The Dao is hidden, beyond all name;
and yet it is the Dao that nourishes and fulfils all things."
- Translated by Tom Chilcott, 2005, Chapter 41
"When a superior scholar hears of Reason he
endeavors to practise it.
When an average scholar hears of Reason he will sometimes keep it and sometimes lose it.
When an inferior scholar hears of Reason he will greatly ridicule it.
Were it not thus ridiculed, it would as Reason be insufficient.
Therefore the poet says:
"The Reason--enlightened seem dark and black,
The Reason--advanced seem going back,
The Reason--straight-levelled seem rugged and slack.
"The high in virtue resemble a vale,
The purely white in shame must quail,
The staunchest virtue seems to fail.
"The solidest virtue seems not alert,
The purest chastity seems pervert,
The greatest square will rightness desert.

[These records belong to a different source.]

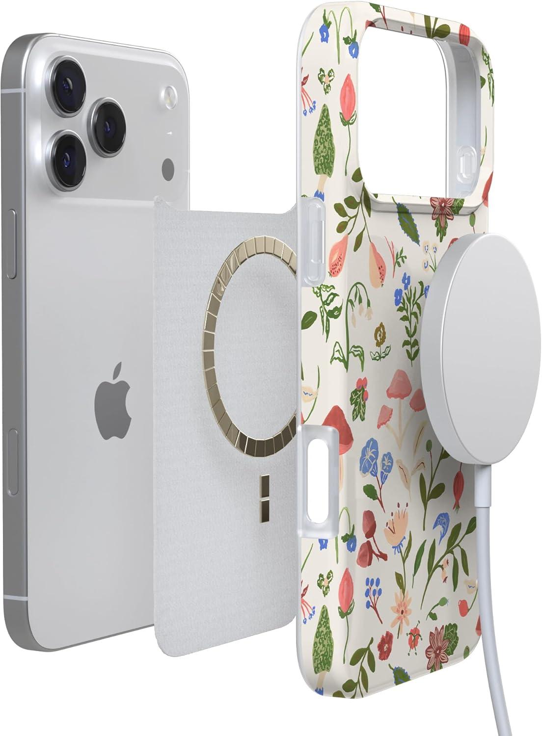 Casely iPhone 17 Pro Case | Chelsea Checker | Starlight Tiles | Compatible with MagSafe | Classic Ultra Slim Design(Garden Party | Mushroom Floral)
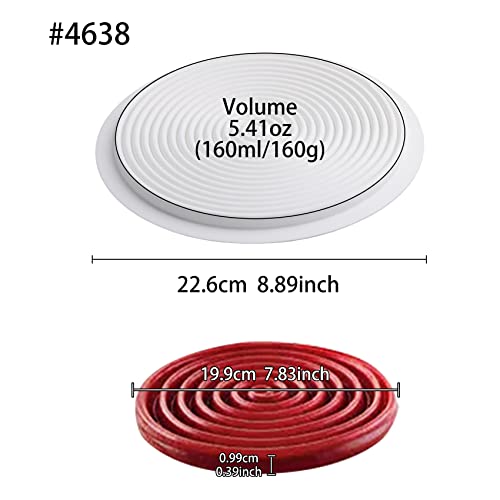 3D spirale cerchio forma bakeware, 1 cavità grande muffa: diametro 22,6 cm (8,9 pollici) altezza 1 cm (0,4 pollici), dimensione cavità: diametro 22,3 cm (8,8 pollici) altezza 1 cm (0,4 pollici), capacità: 2/3 tazza (160 ml/160 g/5,4 oz)
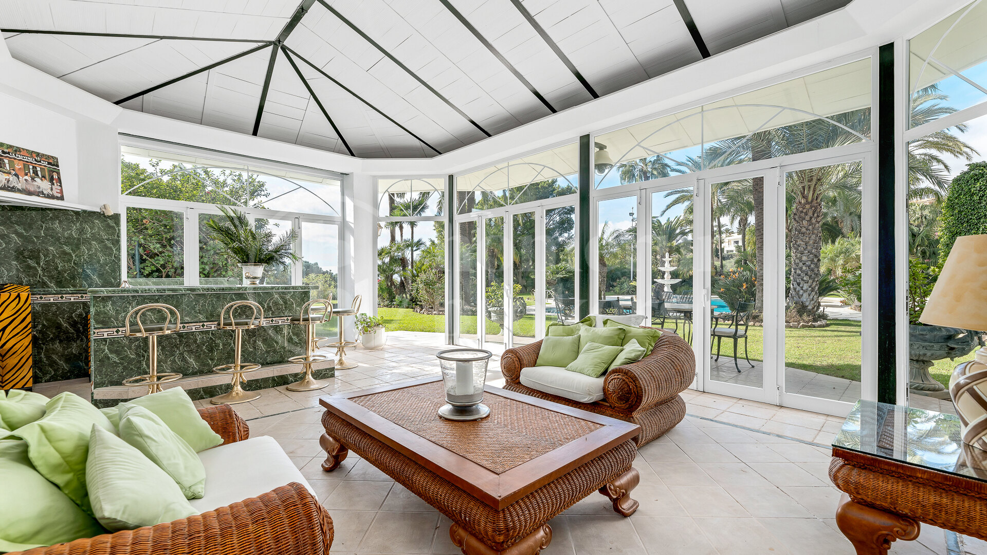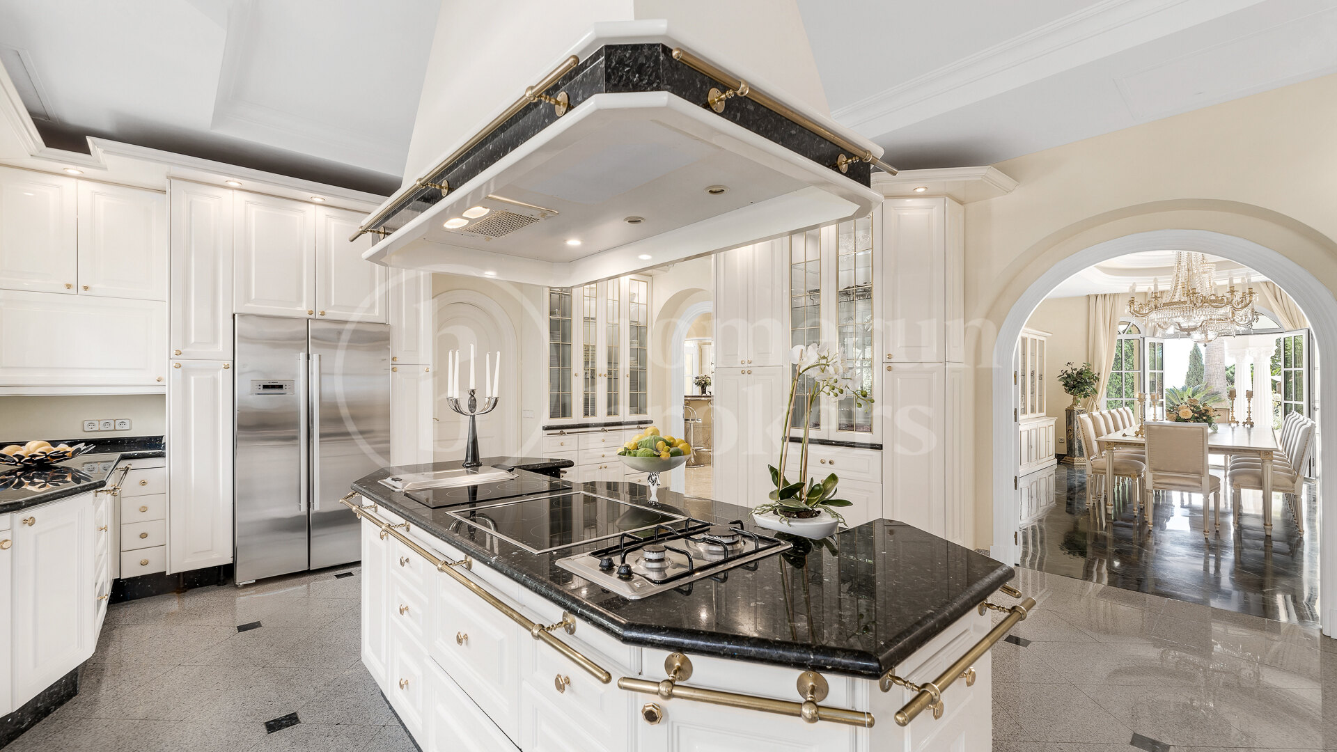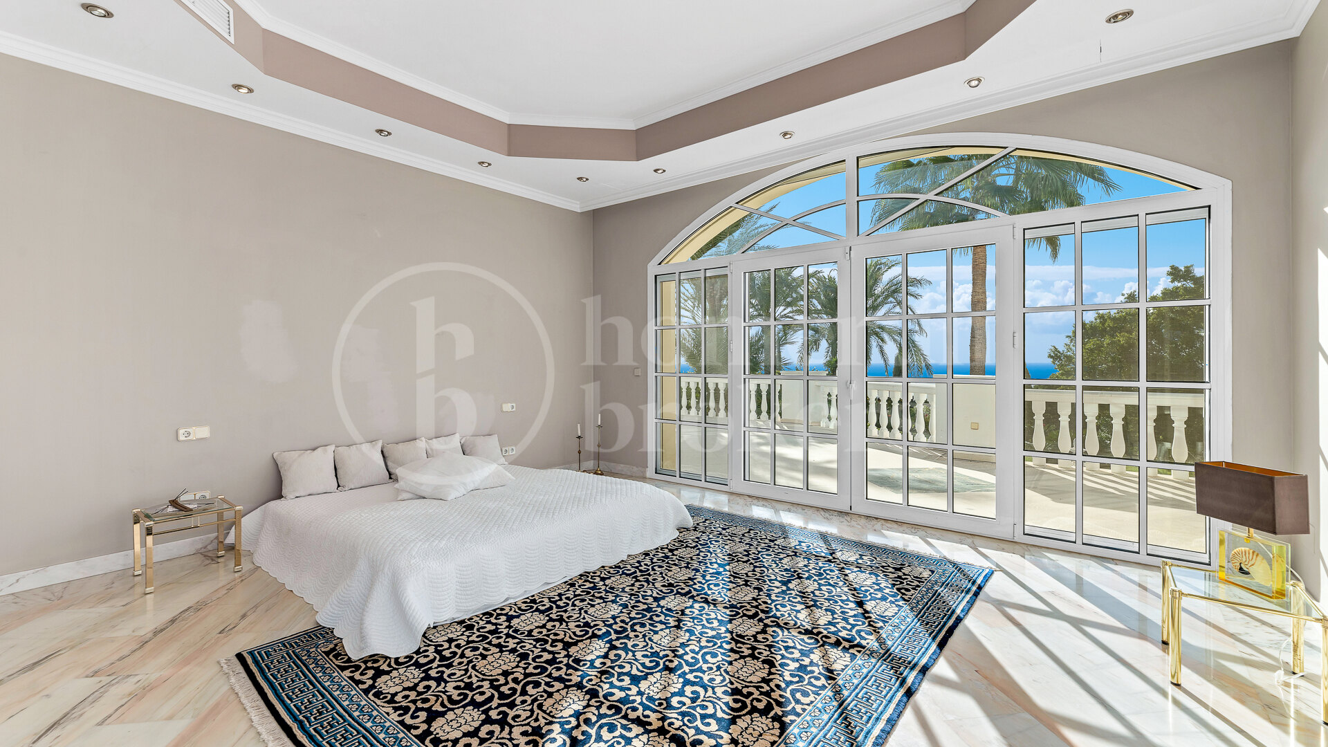 A luxury estate villa compound for sale in Cascada de Camoján offering fifteen bedrooms distributed across three independent residences, extensive garage capacity, heated swimming pools, landscaped gardens, and panoramic Mediterranean sea views occupies an elevated seven-thousand-two-hundred square metre plot within one of the most private gated communities on the Golden Mile hillside. Comprising a four-bedroom main residence, a seven-bedroom connected guest house, and a detached four-bedroom guest villa with its own tennis court, this exceptional property delivers remarkable scale designed for multigenerational living, entertaining, or high-level hospitality use.
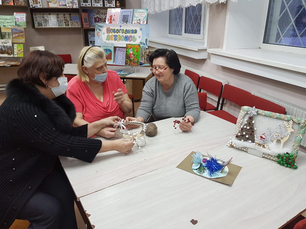 В отделе обслуживания читателей состоялось очередное занятие творческой мастерской «Рукам работа – сердцу радость» в рамках программы «Активное долголетие в Подмосковье». Как правило, рукодельницы могут сотворить шедевр из любых подручных материалов, ведь у них всегда найдутся мотки разноцветных ниток, ленты, стразы и бисер. Вот и в этот раз удалось из куска картона, ниток, лент и бусин за небольшой промежуток времени, всего за 40 минут, сделать симпатичную рамку для фотографий. В такую рамочку можно вставить новогоднее или просто зимнее фото. И оно станет прекрасным напоминанием о каком-либо приятном событии этой зимы.
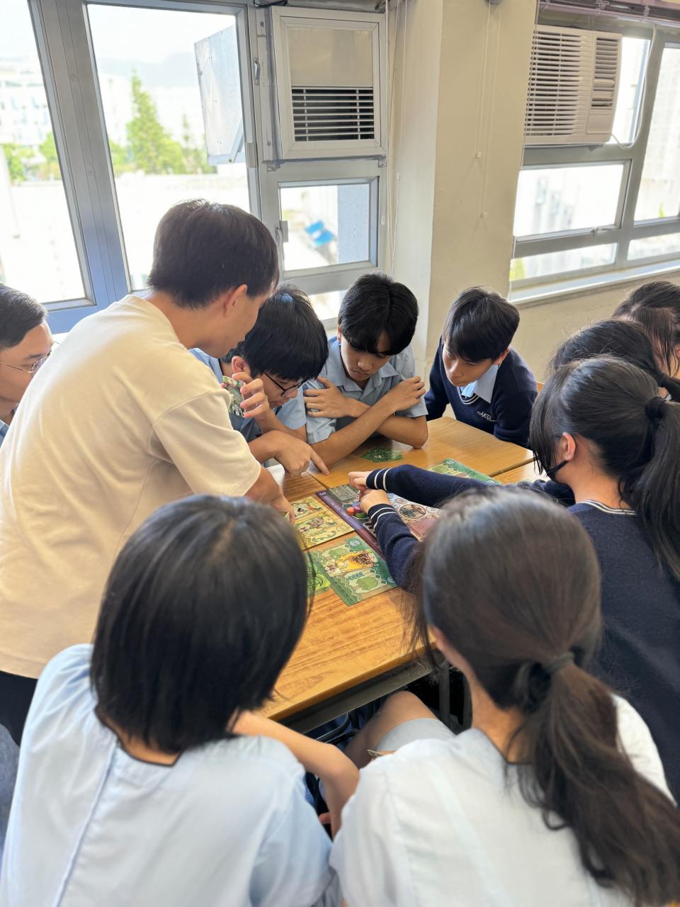 香港戶外生態教育協會到校為每班中五同學進行桌遊學習活動,每班的三位導師藉教導同學玩機構設計的《森林的法則》桌上遊戲,學習香港的生態和生物多樣性。同學十分投入活動,並透過遊戲的方式學習到相關議題。
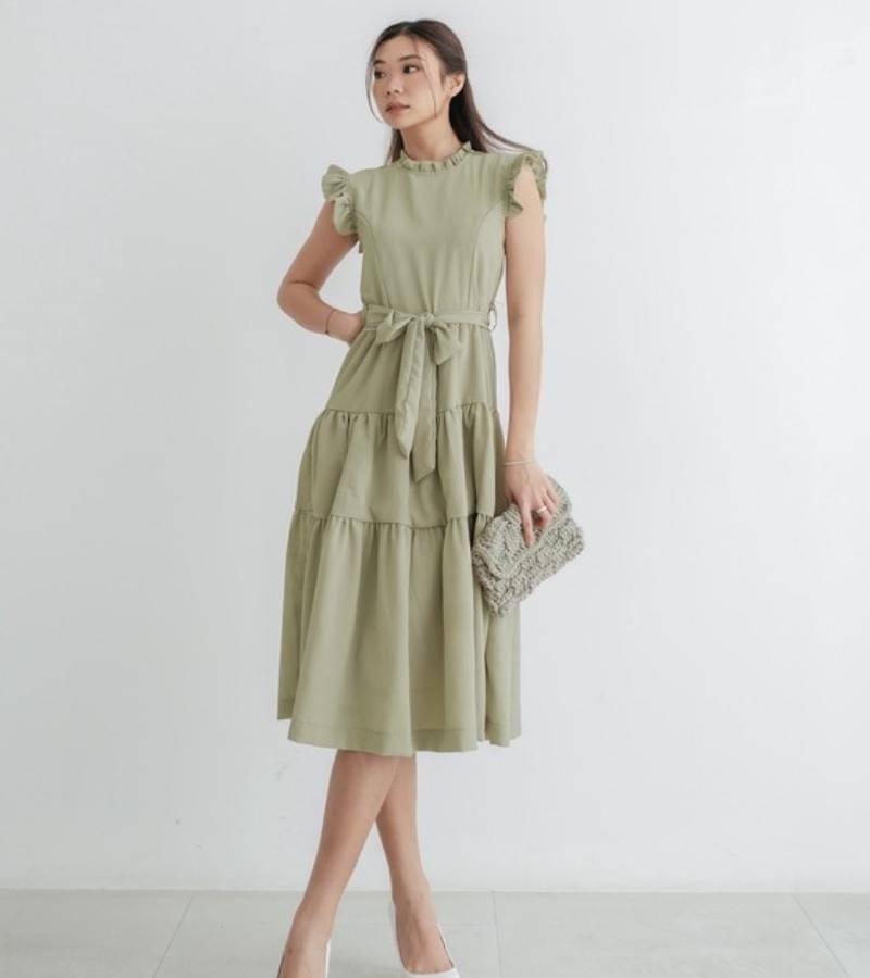Pilihlah gaun midi berwarna sage dengan potongan sederhana seperti renda ataupun detail tali ikat di bagian pinggang, serta tas tangan untuk melengkapi penampilan.

"The largest vessel is not yet complete,
The loudest sound is not speech replete,
The greatest form has no shape concrete."
Reason so long as it remains latent is unnamable.
Yet Reason alone is good for imparting and completing."
- Translated by D.T. Suzuki and Paul Carus, 1913, Chapter 41
"When a superior man hears of the Tao,
he immediately begins to embody it.
When an average man hears of the Tao,
he half believes it, half doubts it.
When a foolish man hears of the Tao,
he laughs out loud.
If he didn't laugh,
it wouldn't be the Tao.
Thus it is said:
The path into the light seems dark,
the path forward seems to go back,
the direct path seems long,
true power seems weak,
true purity seems tarnished,
true steadfastness seems changeable,
true clarity seems obscure,
the greatest are seems unsophisticated,
the greatest love seems indifferent,
the greatest wisdom seems childish.
The Tao is nowhere to be found.
Yet it nourishes and completes all things."
- Translated by Stephen Mitchell, 1988, Chapter 41
Cloud Hands Blog
"When the lofty hear of Way
they devote themselves.
When the common hear of Way
they wonder if it's real or not.
And when the lowly hear of Way
they laugh out loud.
Without that laughter, it wouldn't be Way.
Hence the abiding proverbs:
Luminous Way seems dark.
Advancing Way seems retreating.
Formless Way seems manifold.
High Integrity seems low-lying.
Great whiteness seems tarnished.
Abounding Integrity seems lacking.
Abiding Integrity seems missing.
True essence seems protean.
The great square has no corners,
and the great implement completes nothing.
The great voice sounds faint,
and the great image has no shape.
Way remains hidden and nameless,
but it alone nourishes and brings to completion."
- Translated by David Hinton, Chapter 41
"Scholars of the highest class, when they hear about the
Tao, earnestly carry it into practice.
Scholars of the middle class, when they have heard about it, seem now to keep it and now to lose it.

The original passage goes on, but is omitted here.